• **ABOUT THIS TASK**
Below are entries; copy exactly the lines from the one with "45. (Ingatlah), ketika" through the one with "Interiør Bygdin Høifieldshotel", both included, and leave out the rest.

• **DATA SUPPLIED**
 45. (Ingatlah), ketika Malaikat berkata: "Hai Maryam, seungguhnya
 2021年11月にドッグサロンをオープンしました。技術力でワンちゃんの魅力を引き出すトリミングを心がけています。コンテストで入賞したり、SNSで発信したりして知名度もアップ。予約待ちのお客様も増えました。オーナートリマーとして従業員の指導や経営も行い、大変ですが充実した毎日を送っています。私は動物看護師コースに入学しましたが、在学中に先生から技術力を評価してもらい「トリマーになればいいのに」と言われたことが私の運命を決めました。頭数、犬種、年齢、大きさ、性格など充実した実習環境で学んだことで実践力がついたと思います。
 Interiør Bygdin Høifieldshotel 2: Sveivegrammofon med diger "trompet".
--
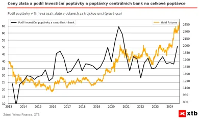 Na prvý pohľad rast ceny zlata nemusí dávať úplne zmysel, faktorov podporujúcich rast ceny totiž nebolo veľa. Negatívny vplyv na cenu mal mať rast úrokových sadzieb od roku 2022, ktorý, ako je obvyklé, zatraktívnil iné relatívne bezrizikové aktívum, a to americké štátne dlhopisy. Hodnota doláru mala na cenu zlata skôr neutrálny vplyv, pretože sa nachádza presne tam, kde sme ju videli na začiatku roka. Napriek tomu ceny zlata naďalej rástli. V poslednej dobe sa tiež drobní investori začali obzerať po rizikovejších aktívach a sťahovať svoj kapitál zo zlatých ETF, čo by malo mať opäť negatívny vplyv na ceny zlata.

• **RESPONSE**
 45. (Ingatlah), ketika Malaikat berkata: "Hai Maryam, seungguhnya
 2021年11月にドッグサロンをオープンしました。技術力でワンちゃんの魅力を引き出すトリミングを心がけています。コンテストで入賞したり、SNSで発信したりして知名度もアップ。予約待ちのお客様も増えました。オーナートリマーとして従業員の指導や経営も行い、大変ですが充実した毎日を送っています。私は動物看護師コースに入学しましたが、在学中に先生から技術力を評価してもらい「トリマーになればいいのに」と言われたことが私の運命を決めました。頭数、犬種、年齢、大きさ、性格など充実した実習環境で学んだことで実践力がついたと思います。
 Interiør Bygdin Høifieldshotel 2: Sveivegrammofon med diger "trompet".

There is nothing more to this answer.